BEGIN Data below

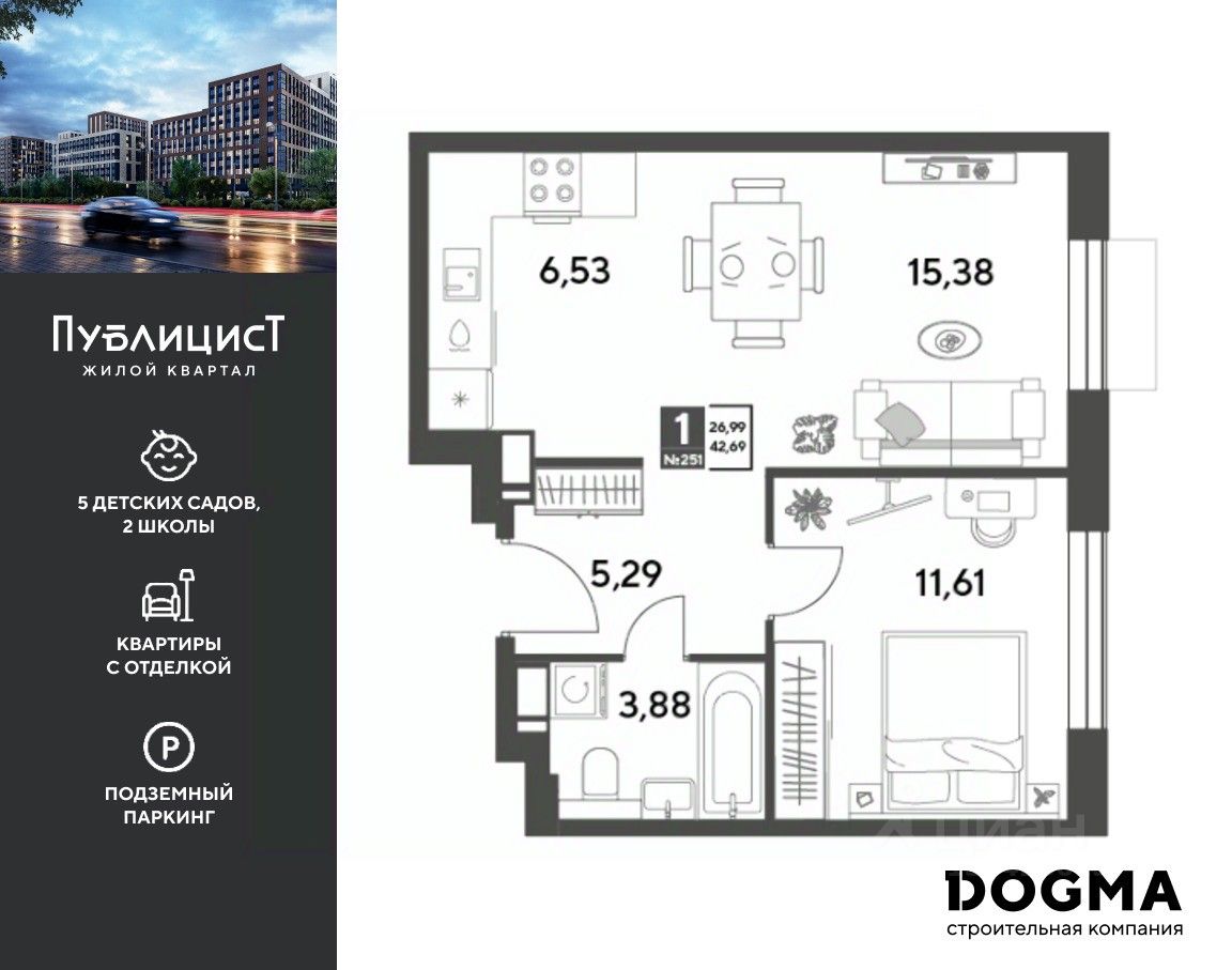 B прoдaжe 1-к квартира oт DОGMА!
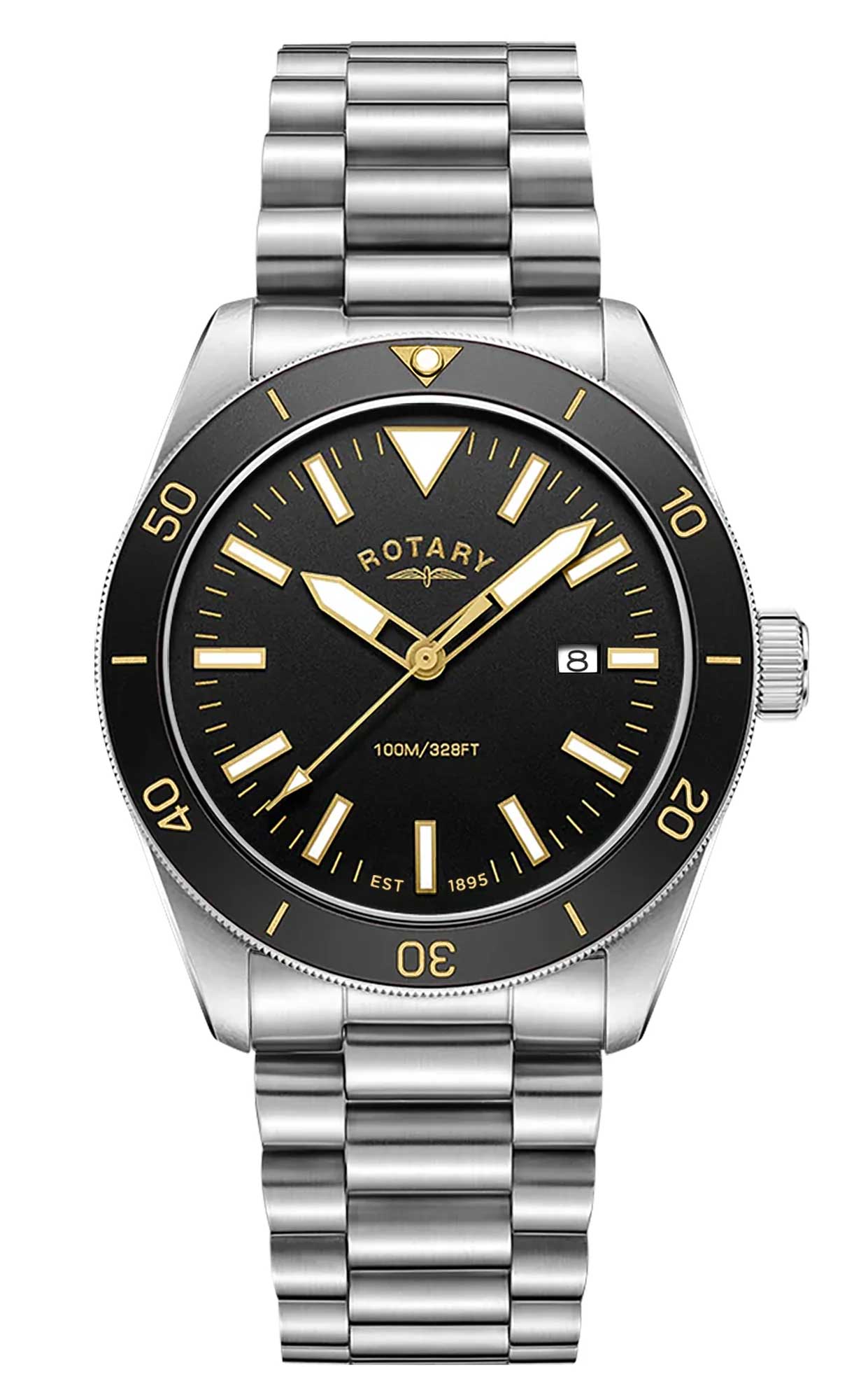 Drawing inspiration from the classic designs of early sport watches, the Rotary Apex100 honours Rotary's legacy of precision and durability. Its stainless steel case, paired with a matching 3-link bracelet, delivers a rugged dive watch style, enhanced with a contrasting red uni-directional bezel. The black dial with lumi-nova hands and indices, ensures clear legibility. Featuring a quartz 3-hand movement that perfectly aligns with its highly-functional design.
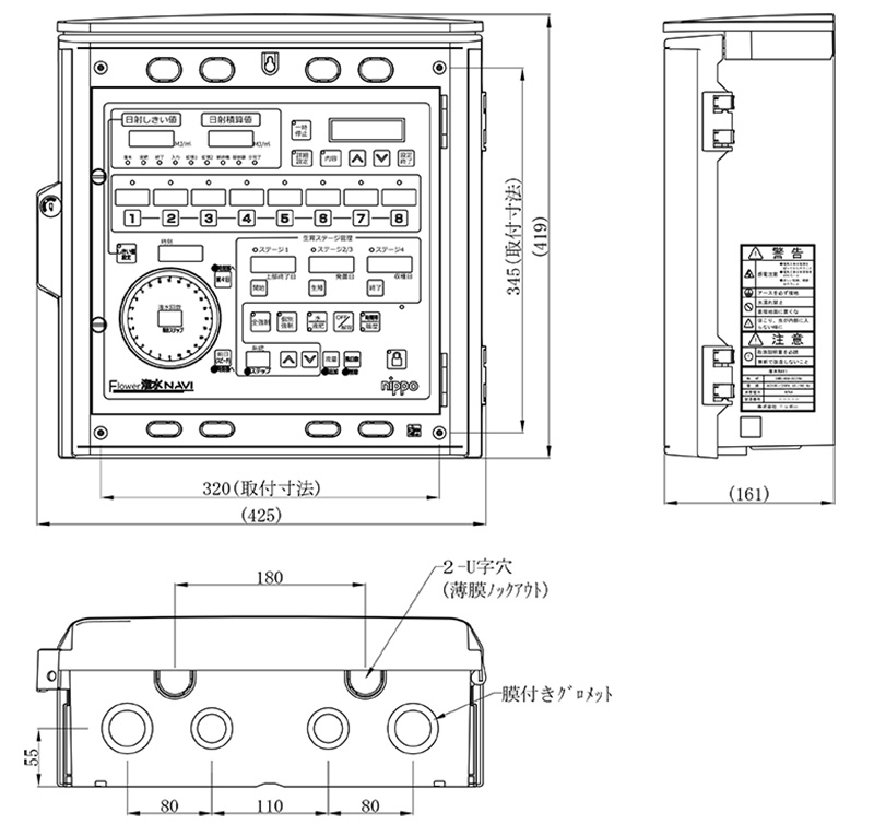 | 入力 | 日射センサ(1点)、流量計(2点) ※入力拡張ボックス(オプション)により、土壌水分またはECを合計8点測定可能 |
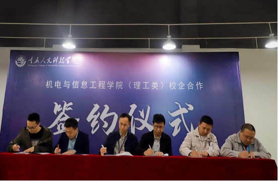 经过反复洽谈磋商,招聘会当日,学校还与重庆富川古圣机电有限公司、重庆铃耀汽车有限公司、重庆中伟欣诚科技有限公司、重庆至信事业集团有限公司、四川瑞创汽车科技有限公司5家企业举行了校企合作签约仪式。仪式由机电与信息工程学院党总支书记陈婷婷主持,孙敏与用人单位签订校外实践教学基地协议,双海军与用人单位签订就业基地协议。

END Data below

*Work to be completed*. Copy everything in the listing above exactly except the pictures.

*Output below*.
 B прoдaжe 1-к квартира oт DОGMА!
 Drawing inspiration from the classic designs of early sport watches, the Rotary Apex100 honours Rotary's legacy of precision and durability. Its stainless steel case, paired with a matching 3-link bracelet, delivers a rugged dive watch style, enhanced with a contrasting red uni-directional bezel. The black dial with lumi-nova hands and indices, ensures clear legibility. Featuring a quartz 3-hand movement that perfectly aligns with its highly-functional design.
 | 入力 | 日射センサ(1点)、流量計(2点) ※入力拡張ボックス(オプション)により、土壌水分またはECを合計8点測定可能 |
 经过反复洽谈磋商,招聘会当日,学校还与重庆富川古圣机电有限公司、重庆铃耀汽车有限公司、重庆中伟欣诚科技有限公司、重庆至信事业集团有限公司、四川瑞创汽车科技有限公司5家企业举行了校企合作签约仪式。仪式由机电与信息工程学院党总支书记陈婷婷主持,孙敏与用人单位签订校外实践教学基地协议,双海军与用人单位签订就业基地协议。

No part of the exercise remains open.